───── Record extracts
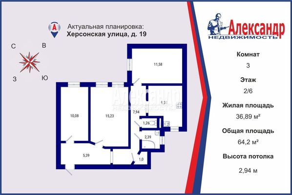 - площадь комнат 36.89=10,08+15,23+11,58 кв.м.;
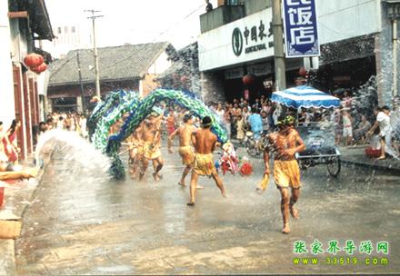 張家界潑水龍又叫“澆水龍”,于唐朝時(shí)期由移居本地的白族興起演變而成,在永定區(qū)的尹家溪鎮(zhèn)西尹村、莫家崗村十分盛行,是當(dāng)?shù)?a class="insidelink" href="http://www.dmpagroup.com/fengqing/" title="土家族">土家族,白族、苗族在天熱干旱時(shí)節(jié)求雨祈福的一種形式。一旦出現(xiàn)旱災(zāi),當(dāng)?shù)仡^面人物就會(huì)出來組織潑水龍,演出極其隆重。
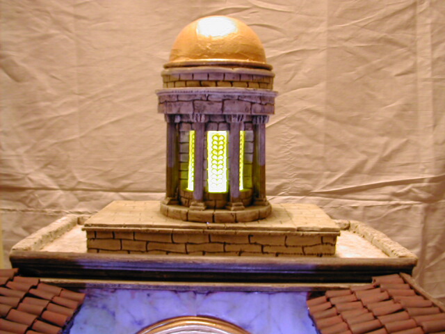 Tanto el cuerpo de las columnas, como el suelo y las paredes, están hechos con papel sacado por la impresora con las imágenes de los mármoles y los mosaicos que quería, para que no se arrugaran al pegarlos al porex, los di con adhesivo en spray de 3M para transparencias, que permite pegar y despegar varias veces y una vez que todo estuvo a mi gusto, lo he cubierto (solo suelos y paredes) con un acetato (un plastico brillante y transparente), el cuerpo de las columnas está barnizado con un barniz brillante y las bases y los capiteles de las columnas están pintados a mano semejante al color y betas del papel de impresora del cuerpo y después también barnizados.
──────────
───── Record extracts
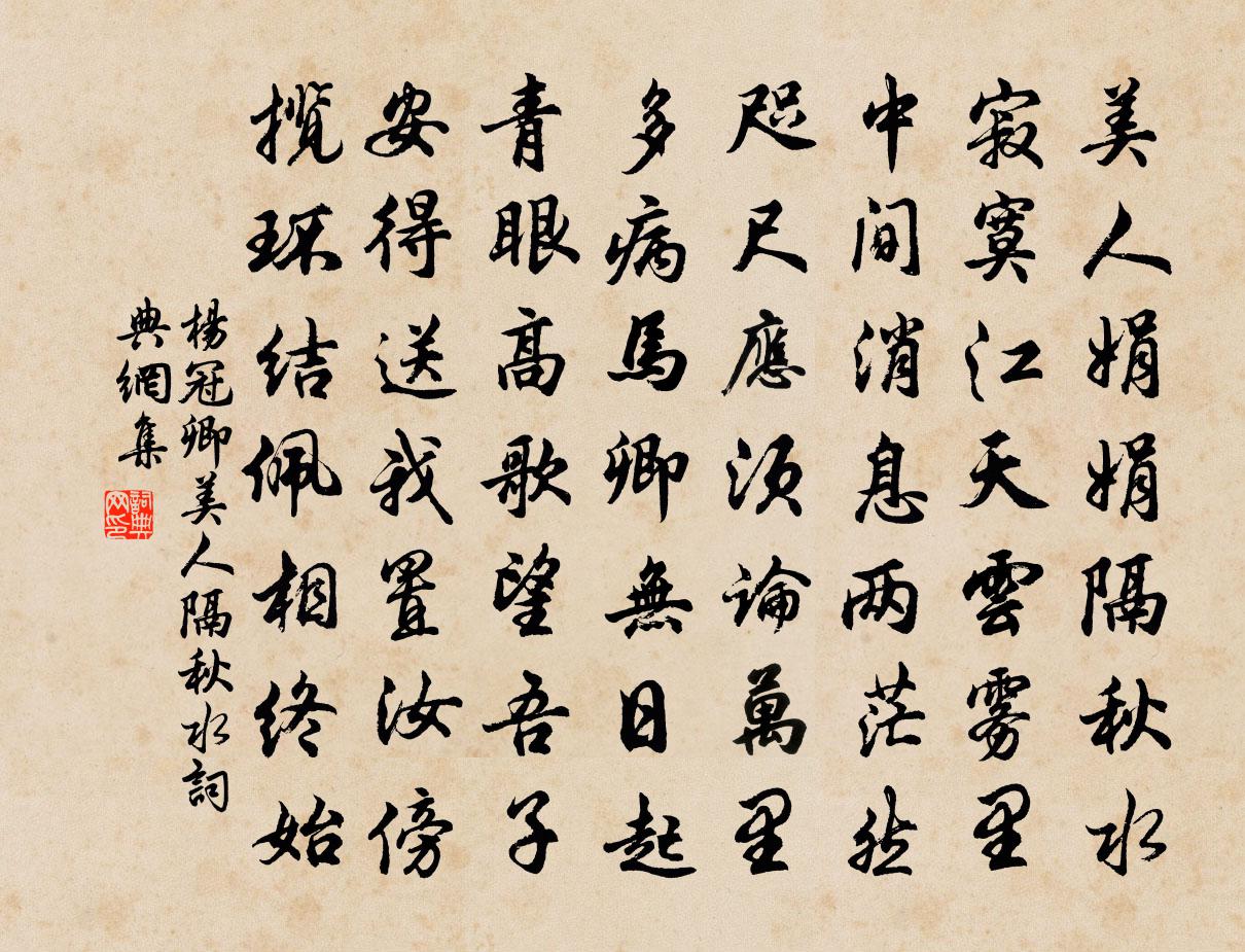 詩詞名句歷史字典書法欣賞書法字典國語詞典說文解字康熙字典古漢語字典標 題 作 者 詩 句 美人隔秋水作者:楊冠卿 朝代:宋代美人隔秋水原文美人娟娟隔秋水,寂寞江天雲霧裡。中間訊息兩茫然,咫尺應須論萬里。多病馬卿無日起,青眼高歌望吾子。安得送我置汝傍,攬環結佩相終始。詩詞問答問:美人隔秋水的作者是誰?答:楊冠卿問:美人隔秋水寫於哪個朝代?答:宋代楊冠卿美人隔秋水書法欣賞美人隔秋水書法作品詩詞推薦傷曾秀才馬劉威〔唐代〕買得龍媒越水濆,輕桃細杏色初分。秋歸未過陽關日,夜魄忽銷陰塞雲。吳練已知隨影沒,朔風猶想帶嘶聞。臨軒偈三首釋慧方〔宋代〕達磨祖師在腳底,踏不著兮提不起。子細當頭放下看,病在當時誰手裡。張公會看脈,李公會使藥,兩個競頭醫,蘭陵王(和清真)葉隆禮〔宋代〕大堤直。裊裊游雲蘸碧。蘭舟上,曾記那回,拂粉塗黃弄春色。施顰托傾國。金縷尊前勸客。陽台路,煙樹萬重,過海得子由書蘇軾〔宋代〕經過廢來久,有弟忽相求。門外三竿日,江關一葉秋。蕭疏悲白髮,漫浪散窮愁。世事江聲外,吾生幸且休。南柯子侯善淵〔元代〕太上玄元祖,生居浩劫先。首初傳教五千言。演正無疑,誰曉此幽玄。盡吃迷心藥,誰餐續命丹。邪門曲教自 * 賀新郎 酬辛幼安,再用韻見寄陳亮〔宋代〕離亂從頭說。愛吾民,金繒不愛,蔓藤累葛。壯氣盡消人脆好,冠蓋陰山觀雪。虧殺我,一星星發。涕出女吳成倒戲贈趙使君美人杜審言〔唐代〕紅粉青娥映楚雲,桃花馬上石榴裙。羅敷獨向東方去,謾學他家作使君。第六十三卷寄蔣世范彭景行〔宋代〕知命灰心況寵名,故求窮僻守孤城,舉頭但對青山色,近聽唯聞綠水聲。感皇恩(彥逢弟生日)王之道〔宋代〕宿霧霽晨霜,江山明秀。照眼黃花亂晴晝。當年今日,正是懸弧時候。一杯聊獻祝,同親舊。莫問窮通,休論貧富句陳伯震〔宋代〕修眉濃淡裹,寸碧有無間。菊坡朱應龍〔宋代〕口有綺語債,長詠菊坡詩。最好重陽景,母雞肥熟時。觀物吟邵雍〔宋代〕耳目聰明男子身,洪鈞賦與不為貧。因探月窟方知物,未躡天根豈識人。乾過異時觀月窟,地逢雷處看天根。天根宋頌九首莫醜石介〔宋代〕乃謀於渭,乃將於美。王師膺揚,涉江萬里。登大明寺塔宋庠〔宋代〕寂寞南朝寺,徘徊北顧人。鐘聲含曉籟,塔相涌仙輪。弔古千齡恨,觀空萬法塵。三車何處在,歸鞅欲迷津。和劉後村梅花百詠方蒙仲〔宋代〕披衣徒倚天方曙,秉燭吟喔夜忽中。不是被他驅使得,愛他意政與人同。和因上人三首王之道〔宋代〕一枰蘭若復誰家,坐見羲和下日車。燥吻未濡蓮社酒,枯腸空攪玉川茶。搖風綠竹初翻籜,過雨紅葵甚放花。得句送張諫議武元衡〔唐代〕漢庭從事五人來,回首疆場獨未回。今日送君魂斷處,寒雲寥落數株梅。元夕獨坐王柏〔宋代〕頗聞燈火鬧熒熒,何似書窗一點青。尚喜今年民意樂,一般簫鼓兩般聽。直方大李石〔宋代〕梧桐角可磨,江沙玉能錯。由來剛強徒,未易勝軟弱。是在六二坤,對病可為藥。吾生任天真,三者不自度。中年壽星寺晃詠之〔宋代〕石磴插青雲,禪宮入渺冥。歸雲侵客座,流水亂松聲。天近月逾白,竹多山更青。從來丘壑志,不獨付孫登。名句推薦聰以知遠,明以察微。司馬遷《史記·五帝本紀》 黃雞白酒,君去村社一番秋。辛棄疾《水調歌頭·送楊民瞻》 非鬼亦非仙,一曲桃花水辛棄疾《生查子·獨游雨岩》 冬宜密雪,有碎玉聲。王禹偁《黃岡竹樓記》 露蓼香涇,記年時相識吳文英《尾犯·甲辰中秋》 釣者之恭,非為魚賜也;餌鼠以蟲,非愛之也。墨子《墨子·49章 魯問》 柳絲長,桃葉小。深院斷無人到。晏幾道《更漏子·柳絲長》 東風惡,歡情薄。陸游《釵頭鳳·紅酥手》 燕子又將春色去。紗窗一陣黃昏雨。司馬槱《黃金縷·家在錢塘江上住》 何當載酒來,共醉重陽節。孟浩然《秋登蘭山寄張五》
──────────
Could you output exactly the lines above, from the line with "- площадь комнат" up to and including the line with "Tanto el cuerpo", and nothing else, skipping the pictures?

Your solution.
 - площадь комнат 36.89=10,08+15,23+11,58 кв.м.;
 張家界潑水龍又叫“澆水龍”,于唐朝時(shí)期由移居本地的白族興起演變而成,在永定區(qū)的尹家溪鎮(zhèn)西尹村、莫家崗村十分盛行,是當(dāng)?shù)?a class="insidelink" href="http://www.dmpagroup.com/fengqing/" title="土家族">土家族,白族、苗族在天熱干旱時(shí)節(jié)求雨祈福的一種形式。一旦出現(xiàn)旱災(zāi),當(dāng)?shù)仡^面人物就會(huì)出來組織潑水龍,演出極其隆重。
 Tanto el cuerpo de las columnas, como el suelo y las paredes, están hechos con papel sacado por la impresora con las imágenes de los mármoles y los mosaicos que quería, para que no se arrugaran al pegarlos al porex, los di con adhesivo en spray de 3M para transparencias, que permite pegar y despegar varias veces y una vez que todo estuvo a mi gusto, lo he cubierto (solo suelos y paredes) con un acetato (un plastico brillante y transparente), el cuerpo de las columnas está barnizado con un barniz brillante y las bases y los capiteles de las columnas están pintados a mano semejante al color y betas del papel de impresora del cuerpo y después también barnizados.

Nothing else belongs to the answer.